I'll preface this by saying that the Nagios Core version is very old...3.2.0. I am hoping i will not need to update it for this but...maybe?
The issue is that CPU_Load is wildly incorrect on all RHEL 7 systems.
On RHEL6 systems, there is no issue.
Nagios is just using the standard command: /usr/local/nagios/libexec/check_nrpe -H x.x.x.x -p 5666 -c check_load
On an RHEL6 server, the CPU load value presented by running htop on the server itself and the check_nrpe command on the Nagios server are a perfect match.
On an RHEL7 server, the values extremely vary.
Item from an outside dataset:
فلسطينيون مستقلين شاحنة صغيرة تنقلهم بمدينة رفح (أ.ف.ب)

As i was typing this, one server which has a load average of 3.42 3.72 3.99 was reported by check_nrpe as 0.05 0.06 0.06
Running yum install nagios-plugins on the RHEL 7 server shows they are up to date (version 2.2.1)
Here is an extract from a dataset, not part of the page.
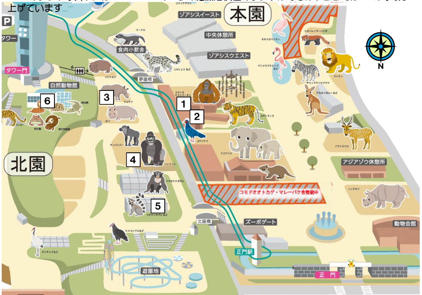
① スマトラオランウータン 霊長目ヒト科

IUCNのレッドリストにはCR・EN・VUの3つの絶滅危惧種のランクがあるが、ここではCRのみ取り上げています

I have tried searching online but don't see this issue reported anywhere? Any ideas what i could check?
Getting incorrect CPU load values from RHEL 7 systems
-
npolovenko
- Support Tech
- Posts: 3457
- Joined: Mon May 15, 2017 5:00 pm
Re: Getting incorrect CPU load values from RHEL 7 systems
@TDBruno, Please run the following command locally on the RHEL 7 server.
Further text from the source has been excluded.